About this task :: Starting with the line that has "而在前几作中登场过的神高达、" and finishing with the line that has "Red textured gourd", set down each line below exactly. Pictures are not copied.

(Extracted material)

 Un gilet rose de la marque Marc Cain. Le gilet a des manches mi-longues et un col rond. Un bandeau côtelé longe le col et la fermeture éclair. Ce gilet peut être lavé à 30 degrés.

(End Extracted material)
(Extracted material)

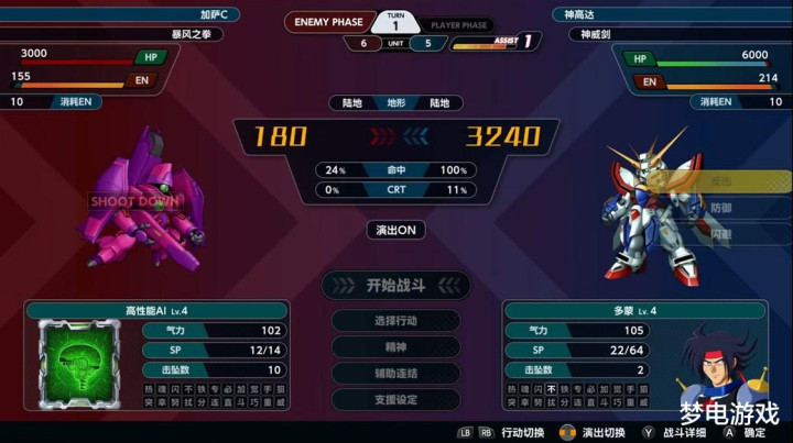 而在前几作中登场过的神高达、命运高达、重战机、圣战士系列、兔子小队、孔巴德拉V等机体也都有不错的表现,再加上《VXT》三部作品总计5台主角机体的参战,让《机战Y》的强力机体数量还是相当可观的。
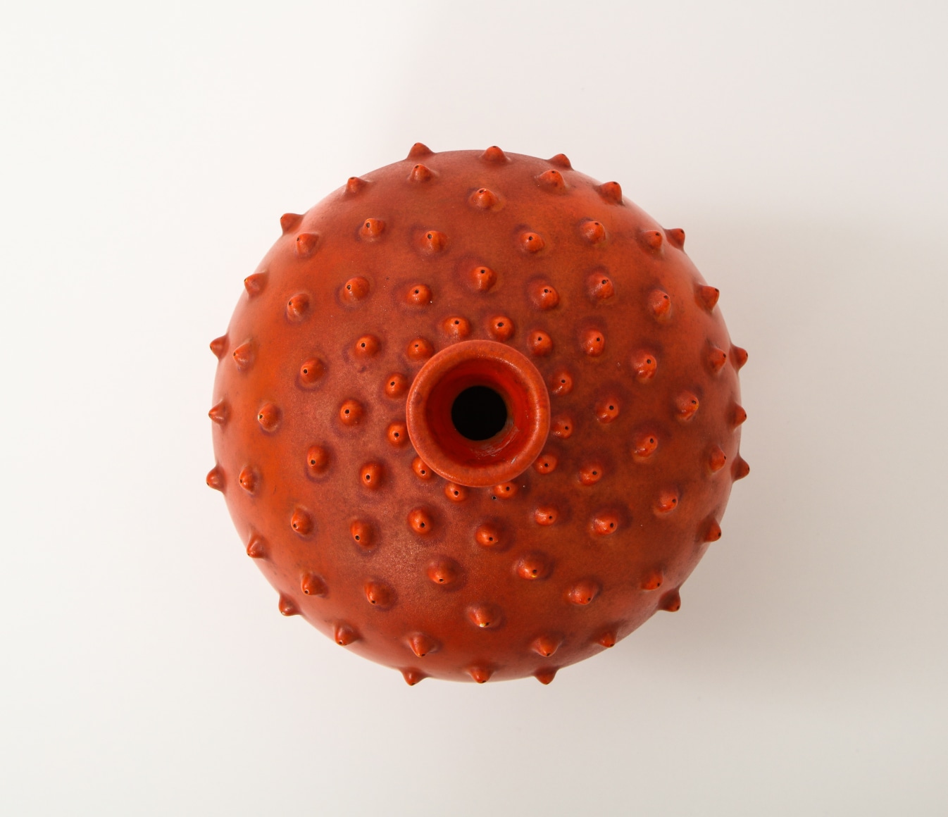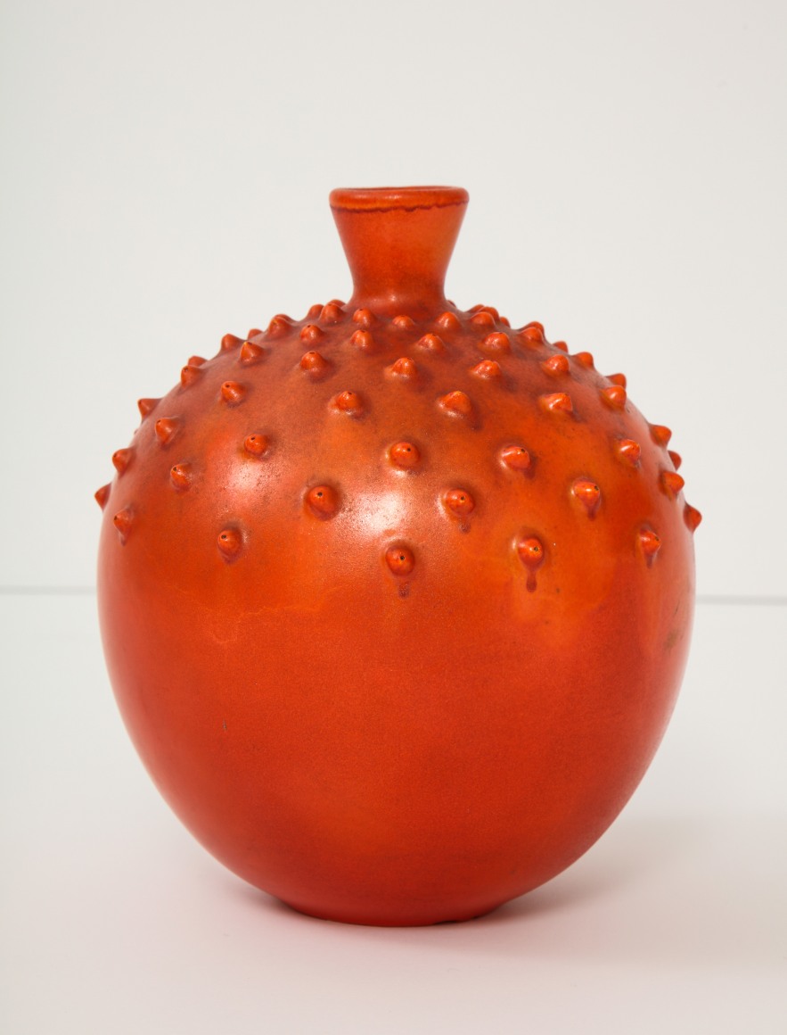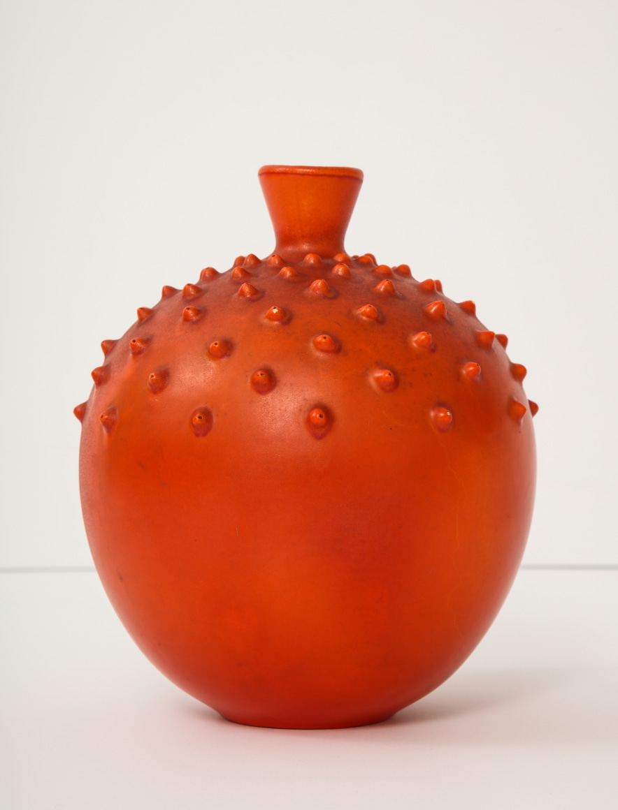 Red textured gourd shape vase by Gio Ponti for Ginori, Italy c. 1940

(End Extracted material)

Task answer ::
 而在前几作中登场过的神高达、命运高达、重战机、圣战士系列、兔子小队、孔巴德拉V等机体也都有不错的表现,再加上《VXT》三部作品总计5台主角机体的参战,让《机战Y》的强力机体数量还是相当可观的。
 Red textured gourd shape vase by Gio Ponti for Ginori, Italy c. 1940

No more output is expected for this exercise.